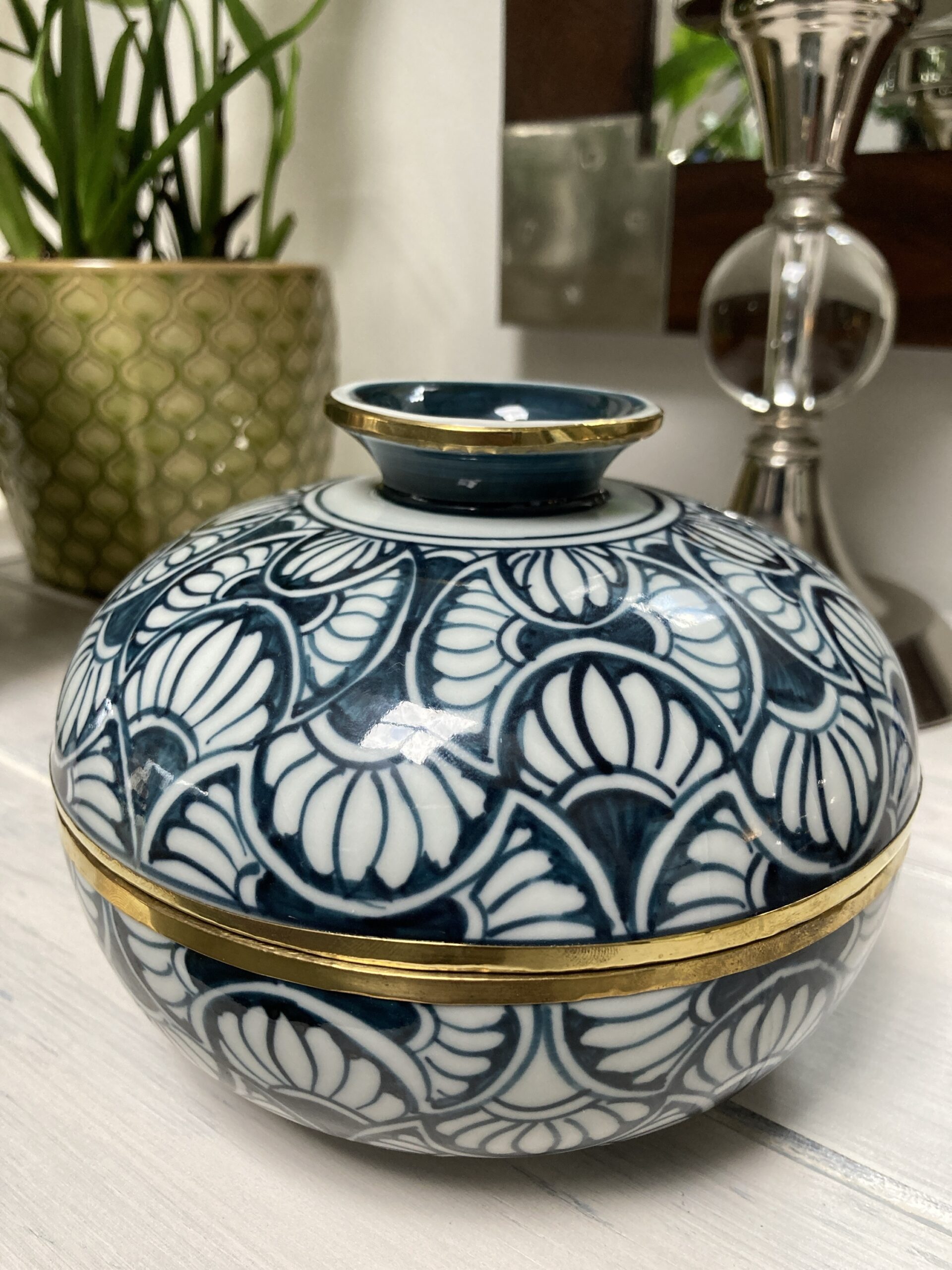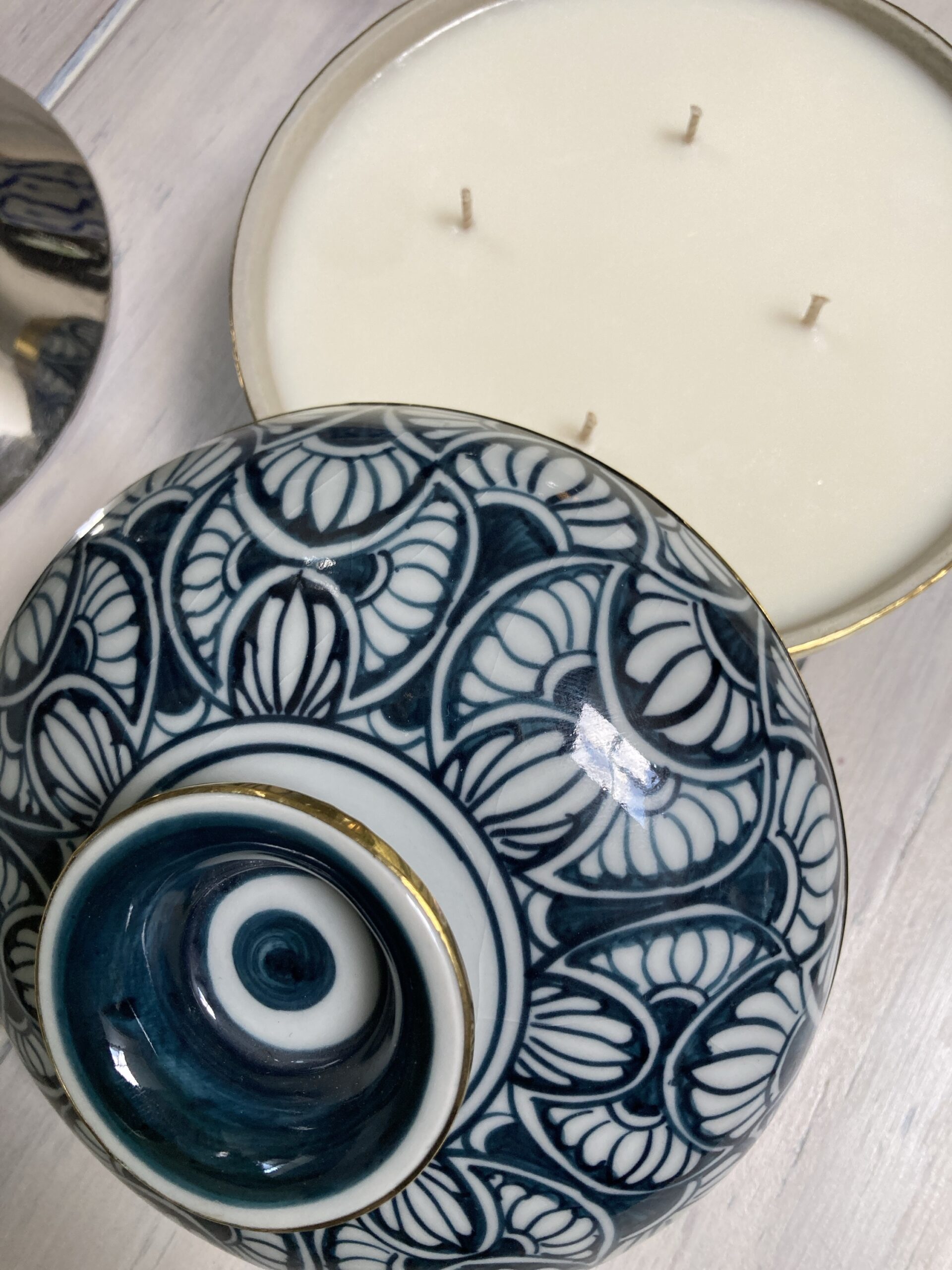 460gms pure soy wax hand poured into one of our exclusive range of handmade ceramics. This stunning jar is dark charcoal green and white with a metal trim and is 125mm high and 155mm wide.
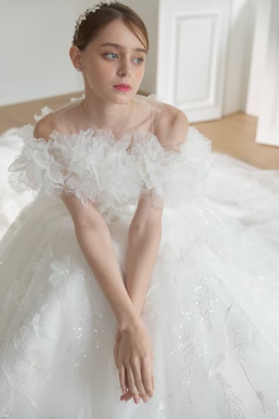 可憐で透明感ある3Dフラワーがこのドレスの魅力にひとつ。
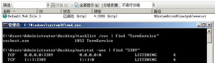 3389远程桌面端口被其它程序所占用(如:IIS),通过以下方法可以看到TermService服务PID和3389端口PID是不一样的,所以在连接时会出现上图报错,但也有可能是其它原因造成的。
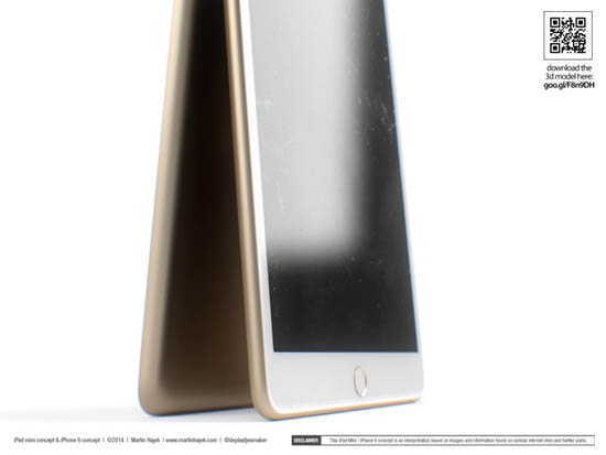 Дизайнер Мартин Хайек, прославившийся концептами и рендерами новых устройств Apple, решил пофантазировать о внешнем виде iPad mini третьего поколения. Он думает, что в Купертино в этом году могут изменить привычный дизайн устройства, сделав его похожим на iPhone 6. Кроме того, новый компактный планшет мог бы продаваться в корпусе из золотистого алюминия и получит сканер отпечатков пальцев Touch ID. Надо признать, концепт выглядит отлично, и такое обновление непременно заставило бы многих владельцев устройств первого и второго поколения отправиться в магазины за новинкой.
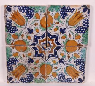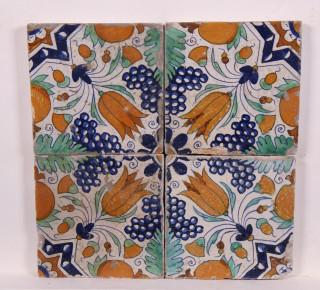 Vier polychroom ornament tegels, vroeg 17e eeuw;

# # # # # # #

* Problem details:
Set down all the material exactly once more. No pictures.

* Completed task:
 460gms pure soy wax hand poured into one of our exclusive range of handmade ceramics. This stunning jar is dark charcoal green and white with a metal trim and is 125mm high and 155mm wide.
 可憐で透明感ある3Dフラワーがこのドレスの魅力にひとつ。
 3389远程桌面端口被其它程序所占用(如:IIS),通过以下方法可以看到TermService服务PID和3389端口PID是不一样的,所以在连接时会出现上图报错,但也有可能是其它原因造成的。
 Дизайнер Мартин Хайек, прославившийся концептами и рендерами новых устройств Apple, решил пофантазировать о внешнем виде iPad mini третьего поколения. Он думает, что в Купертино в этом году могут изменить привычный дизайн устройства, сделав его похожим на iPhone 6. Кроме того, новый компактный планшет мог бы продаваться в корпусе из золотистого алюминия и получит сканер отпечатков пальцев Touch ID. Надо признать, концепт выглядит отлично, и такое обновление непременно заставило бы многих владельцев устройств первого и второго поколения отправиться в магазины за новинкой.
 Vier polychroom ornament tegels, vroeg 17e eeuw;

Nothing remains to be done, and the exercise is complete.